Мимо нас проходили легко раненные товарищи. Один из них присел на бревне возле бойницы Найденова:
– Ну как тут у вас, ребята? Крепко жмут фрицы?
– Жмут-то жмут, да вон, гляди, успокоили их прыть.
Раненый подал Найденову кисет и бумагу, Сергей достал кресало и с силой ударил узкой полоской железа по камню. Брызнули искры, и фитиль задымил. Раненый не торопясь раскурил папиросу, встал:
– Эх, сил не хватает наступать… Не отдавайте, ребята, немцам назад хотя то, что уже отвоевано!..
Вечером группе снайперов было приказано конвоировать пленных. Проходя мимо русских, они изгибались в поклоне и робко улыбались, оглядываясь по сторонам. По улицам Ленинграда фашисты шли медленно, понурив головы, засунув руки в карманы. На улицах города стояло много женщин, детей и стариков. Немцы искоса поглядывали на зеленые грядки овощей, посаженных вместо цветов на газонах. Помню, как на углу улиц Майорова и Садовой мальчуган лет семи, дергая молодую женщину за руку, спрашивал:
– Мама, почему фашисты прячут руки в карманах? Что, они у них грязные?
Я запомнил, как женщина, не отвечая на вопросы сына, бросила презрительный взгляд на гитлеровских солдат и прошла мимо.

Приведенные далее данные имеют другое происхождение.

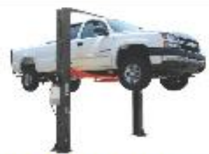
2 POST CLEAR FLOOR TL4.00HDI 4 TON/4000 KG CAPACITY

Мальчуган же несколько раз оглянулся на пленных, которые шли лениво, словно каторжане, гремя коваными сапожищами по булыжной мостовой, и погрозил им кулаком.
Во второй половине ночи мы вернулись на передовую, а спустя несколько минут к нам пришел Василий Ершов. Под мышкой он держал корпус станкового пулемета. Ершов обрадовался мне и тут же насупился. Его густые широкие брови прикрыли глаза, и, не глядя на меня, он строго спросил:
– Ты как сюда попал?
– С учениками, Василий Дмитриевич. Как говорится, практические занятия провожу.

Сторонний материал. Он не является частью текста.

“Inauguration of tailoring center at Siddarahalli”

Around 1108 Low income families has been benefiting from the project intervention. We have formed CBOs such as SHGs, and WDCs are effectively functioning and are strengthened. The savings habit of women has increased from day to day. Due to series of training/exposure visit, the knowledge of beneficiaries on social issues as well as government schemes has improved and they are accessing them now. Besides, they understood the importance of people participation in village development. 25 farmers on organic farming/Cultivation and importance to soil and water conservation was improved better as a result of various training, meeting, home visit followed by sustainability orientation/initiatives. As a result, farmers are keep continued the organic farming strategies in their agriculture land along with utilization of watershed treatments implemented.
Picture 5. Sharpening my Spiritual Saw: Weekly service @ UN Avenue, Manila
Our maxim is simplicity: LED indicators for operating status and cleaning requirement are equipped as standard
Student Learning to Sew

– Не делом, брат, занимаешься! С одним глазом в этакую игру ввязался! Тут кроме своих двух во лбу не помеха бы другая пара на затылке. А он…
– А ты куда тащишь пулемет?
– Ремонтировал, осколком прицел испортило. Узнал, что ты тут со своими курсантами, зашел поругаться!

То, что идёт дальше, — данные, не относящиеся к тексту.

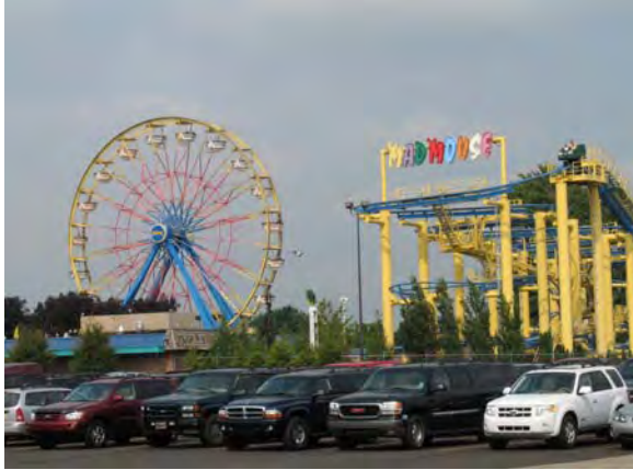
4750 Whitehall Road, Whitehall Michigan Adventure Amusement and Wild Water Adventure

Michigan Adventure was founded in 1956 as a petting zoo called Deer Park. In 1968 it was purchased by Roger Jourden who changed the name to Deer Park Funland and added rides like the Tilt-a-Whirl and Scrambler. In 1988 a roller coaster was added and the name was changed to Michigan Adventure. The Wildwater Water Park was added in 1991. Cedar Fair Entertainment Company, who operates the Cedar Point Amusement Park in Cedar Point, Ohio, purchased the site in 2001.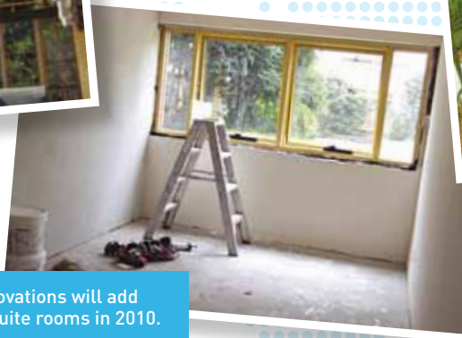
Summer renovations will add four new ensuite rooms in 2010.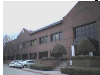
TTCU Business Park

Я промолчал. Василий Дмитриевич был не в духе, и причина этого стала мне ясной несколько позднее. Неодобрительно качая головой, он положил пулемет на нары и стал его старательно протирать и чистить, шумно сопя носом.
Я вышел в траншею. Стояло тихое летнее утро. На небе – ни облачка. Откуда-то четко донеслись крики артиллеристов, которые на руках тащили свои пушки на новую позицию, готовясь к продолжению боя. Наступление наших частей под Старопановом принесло нам первые победы. В первые часы нашего наступления немецкие танки, артиллерия и авиация бездействовали, настолько они были парализованы внезапным ударом наших войск. Лишь во второй половине дня немецкая артиллерия повела ответный огонь, но, к счастью, неточно. Бой с яростно сопротивлявшейся вражеской пехотой продолжался. Наше продвижение в глубь обороны немцев сдерживали только противопехотные минные поля и уцелевшие пулеметные дзоты. Оборонявшиеся в них немцы оказывали нам упорное сопротивление.
Послушав в соседнем блиндаже (его дверь была вырвана взрывной волной вместе с косяками) рассказы солдат о только что закончившемся бое, я вернулся в свой блиндаж. Здесь неторопливо вел рассказ дядя Вася:
– Бывало, в первые дни войны я чистил вот этот пулемет со своим юным дружком Гришей Стрельцовым. Поначалу он робел в бою, а потом свыкся – и ничего, отчаянным стал. Иной раз возле меня ляжет, прижмется ко мне и говорит про всякую всячину, а затем свернется по-ребячьи и уснет… Ох, как он шибко ненавидел оккупантов! – Ершов вздохнул всей грудью. – Бывало, где уж очень опасно, оберегал я его, да случилось так, что не сумел уберечь, убили Гришу… А он был мне ровно родной сын… – Дядя Вася похлопал ладонью по крышке пулемета. – Сколько я перестрелял вот из этого «максима» фашистов, а все мало только за одну Гришину жизнь!
Василий Дмитриевич закашлялся и, отвернувшись, быстро утер ладонью глаза. Несколько раз он пытался свернуть самокрутку, но не мог: руки дрожали, рвали бумагу, табак сыпался на колени…
– Дядя Вася, дозволь мне, – сказал Найденов, – я сделаю.
– Спасибо, дорогой, мне сегодня что-то не по себе. – Ершов с жадностью затянулся и покачал головой. – Руки устали от пулемета, и уснуть, как видите, не довелось. Немцы небось захотят отобрать у нас то, что мы у них взяли, хотя и наше это, кровное, свое!..
Василий Дмитриевич заторопился уходить, и, прощаясь, дядя Вася крепче всех пожал руку Найденову:
– Будет нужда в огоньке – своим дружком выручить могу, только дайте знать.
– Благодарствуем. Поможем и мы, когда у вас в этом будет нужда, – хором ответили мои снайперы.
Я вышел проводить старого друга. В траншее Ершов мне сказал:
– Давеча я из дому получил письмо. Моя баба пишет, что секретарь райкома дровами и хлебом пособил. Спасибо ему. Да ведь вот горе какое, и говорить не хотел: младший сынишка помер. – Дядя Вася с минуту потоптался на одном месте, словно припоминая, куда ему идти, а затем горестно махнул рукой и тихо добавил: – Малыша тоже Гришей звали…
Пулеметчик круто повернулся и, не простившись со мной, зашагал в сторону станции Горелово. Вскоре его высокая, чуть сутулая фигура затерялась в траншее. Глядя вслед боевому товарищу, я думал и о своем малыше…
Иногда на передовой на несколько часов все утихает. Но фронтовики знают, как опасно это желанное затишье: зорким должен быть глаз и острым слух часовых, иначе мгновенно можно очутиться в руках врага или получить нож в сердце.
Когда взошло солнце, я подошел к работающим саперам. Они умело и быстро перестраивали бывшие огневые точки врага, переориентируя их бойницы с востока на запад. Вдруг земля вздрогнула от мощного орудийного залпа, и тут же ко мне подбежал связной комбата:
– Мне приказано показать вам новый огневой рубеж. – Понизив голос, связной добавил: – Предполагается танковая контратака немцев. Надо спешить!